Anda di halaman 1dari 6

Nama : Adelia Mayada

Kelas : IX Ruang 9

Materi : Membuat Cerpen

Mapel : Bahasa Indonesia

SAHABAT
Hilya dan Salwa adalah sahabat Ku. Aku dan Hilya berteman sejak kecil
sedangkan, Salwa ia adalah teman SMP kami. Mereka sudah ku anggap seperti
saudara sendiri.

Pagi ini matahari memancarkan sinar terik nya. Aku, Hilya, dan Salwa
sedang menunggu angkot di halte. Kebetulan pagi ini kami berangkat bersama.
Angkot pun tiba, kami bergegas masuk ke dalam angkot. Sesampainya angkot di
gerbang sekolah, kami pun membayar ongkos angkot tersebut.

Kami berjalan bergandeng satu sama lain memasuki gedung sekolah


“Madrasah Aliyah Negeri 1 Bogor.” Ya, itu nama sekolah kami.

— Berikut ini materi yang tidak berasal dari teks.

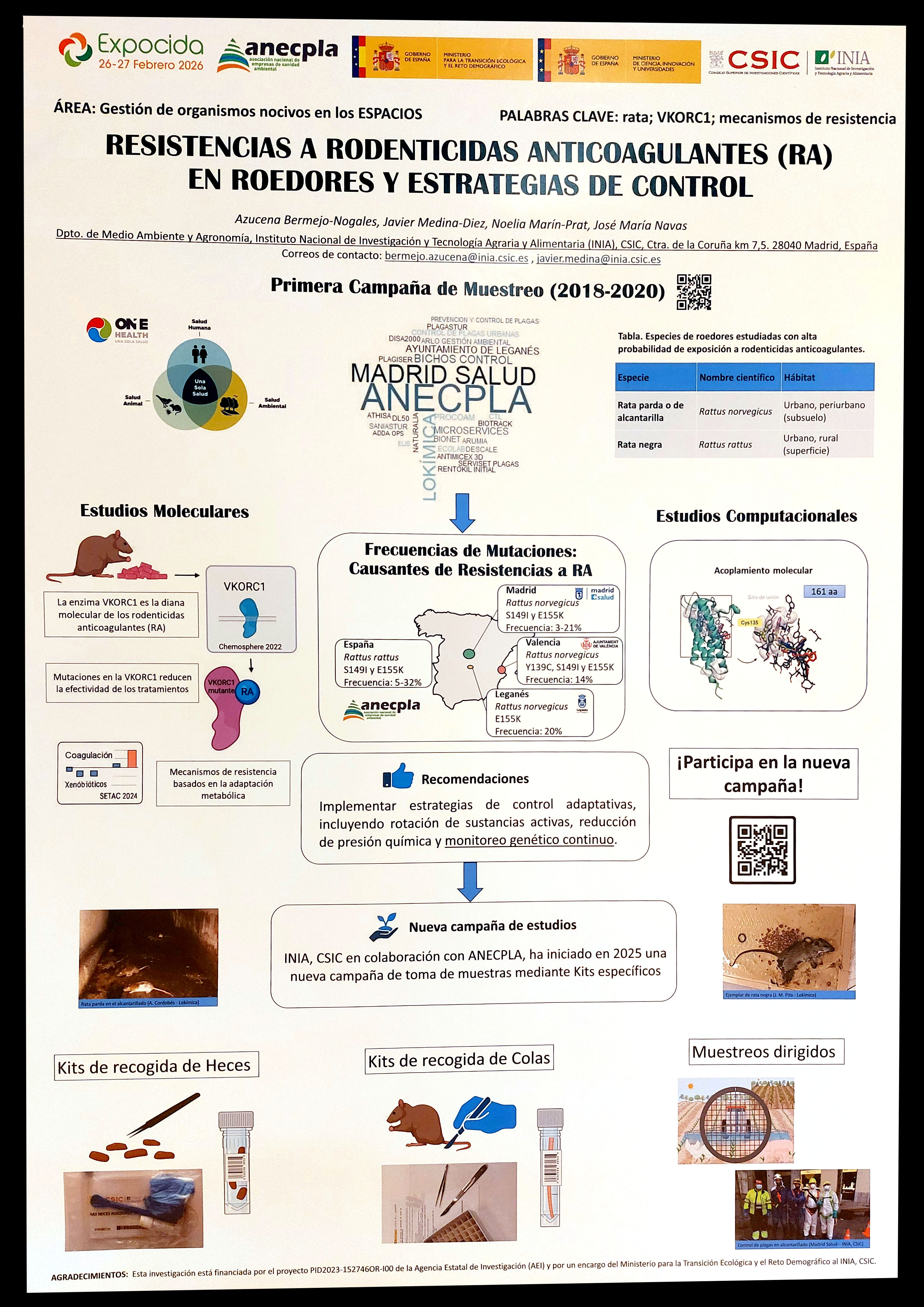 Figura 4. PÓSTER 3 – ‘Resistencias a rodenticidas anticoagulantes (RA) en roedores y estrategias de control’, por Azucena BERMEJO-NOGALES, Javier MEDINA-DIEZ, Noelia MARÍN-PRAT & José María NAVAS.
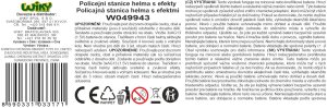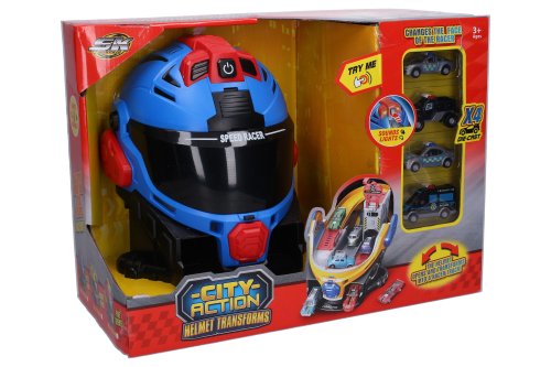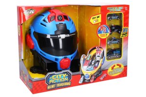 Policajná stanica helma. Rozmery 20x32x20 cm. Vydáva svetelné a zvukové efekty. Aktivácia tlačidlom na helme. 3xAG13 batérie súčasťou. Súčasťou 4 kovové autá 6,5 cm s voľnými kolesami, výťah.
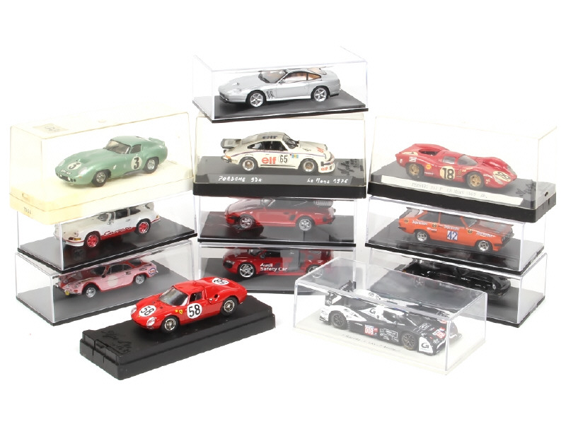 un modèle en état 'R' - miniatures reproduisant notamment les modèles : PORSCHE, ALPINE, LOLA & FORD - on y retrouve notamment les marques : SCHUCO, SPARK & SOLIDO - boites non d'origine (dont une fissurée) - possibilité de petits manques
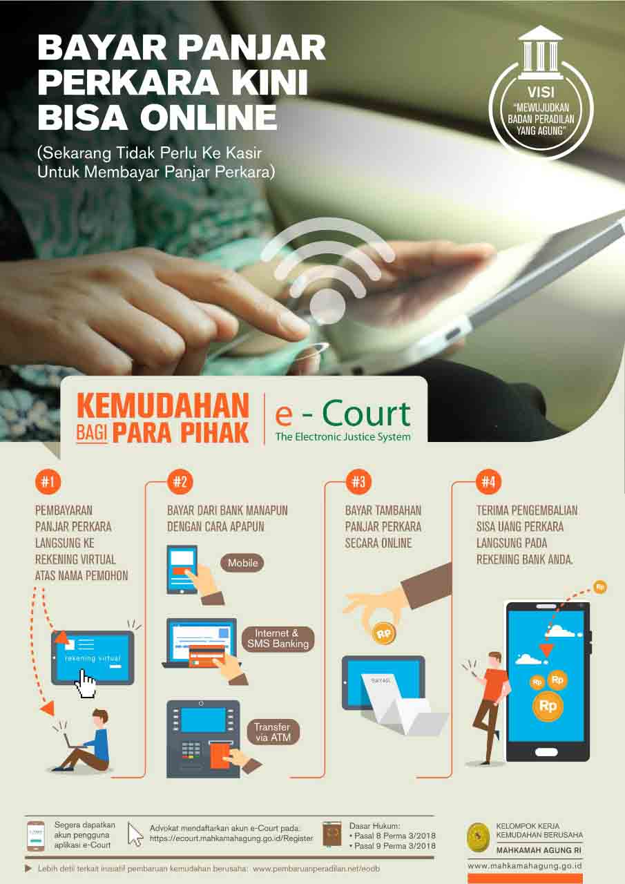 Adalah layanan bagi Pengguna Terdaftar untuk Pendaftaran Perkara Secara Online, Mendapatkan Taksiran Panjar Biaya Perkara secara online, Pembayaran secara online dan Pemanggilan yang dilakukan dengan saluran elektronik.
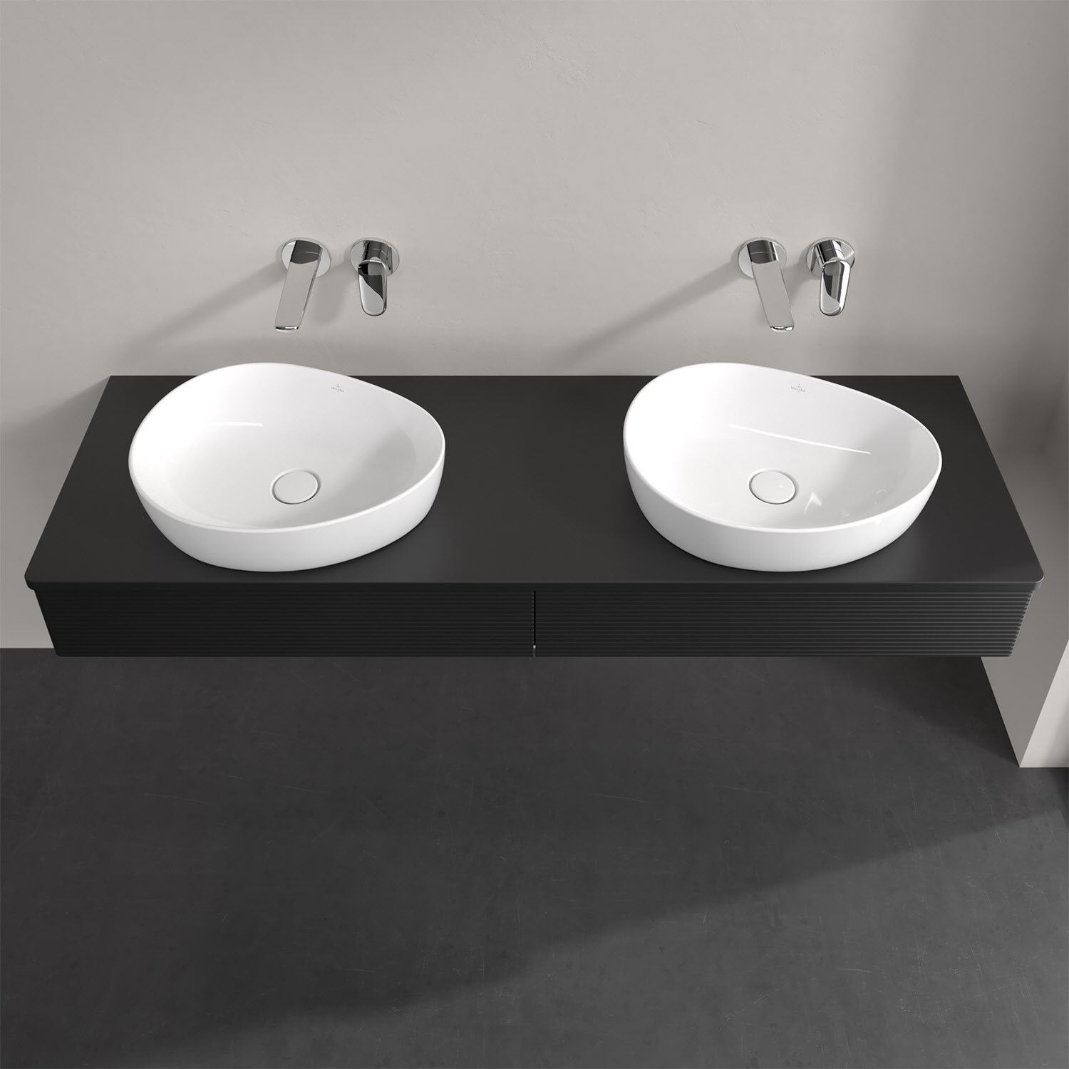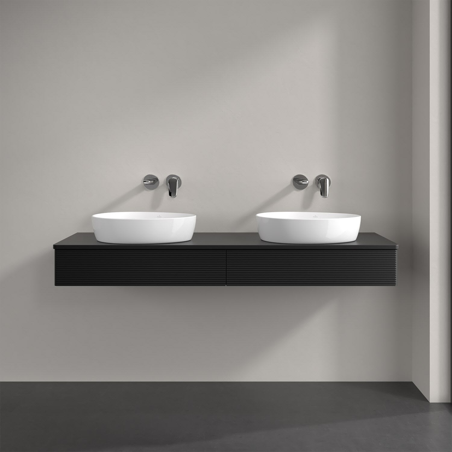 Villeroy & Boch Antao Waschbeckenunterschrank, 160 x 19 cm, 2 Auszüge mit LED-Licht, Front mit Struktur, mit Hahnloch, für Waschtisch links und rechts

Aku dan Salwa
memasuki kelas MIPA 1. Sedangkan Hilya, ia memasuki kelas MIPA 2. Kami
memang berbeda kelas tetapi, hubungan persahabatan kami Alhamdulillah
berjalan dengan baik hingga saat ini. Ya walaupun masih sering berantem sih.

Bel pulang sekolah pun berbunyi. Aku dan Salwa bergegas menuju kelas Hilya.
Sesampainya kami di depan kelas Hilya, Aku dan Salwa tidak melihat keberadaan
Hilya di mana, bahkan kelas nya pun tidak ada penghuninya lagi. Aku dan Salwa
pun berpencar mencari Hilya. Menelusuri setiap inci gedung sekolah. Namun, nihil
tidak ada tanda-tanda bahwa Hilya masih berada di sekolah. Aku dan Salwa pun
bertemu di kantin sekolah. Karena kelelahan kami pun duduk di kantin sekolah.
Tiba-tiba Aku teringat bahwa rumah Salwa dan rumah Hilya hanya berjarak 3
rumah saja, Aku menepuk jidat ku dan beristighfar. Salwa terperanjat kaget
karena Aku mengucapkan istighfar.

“Sal, bukannya rumah Hilya dan rumah mu hanya berjarak 3 rumah saja
ya?” ucap ku.

“Iya terus kenapa?” ucap Salwa.

Sedetik kemudian Salwa baru sadar dengan ucapan ku.

“Lah iya ya, maaf hehe aku lagi gak fokus.” Ucapnya sambil menunjukkan
jari telunjuk dan tengah nya sambi berkata “peace.”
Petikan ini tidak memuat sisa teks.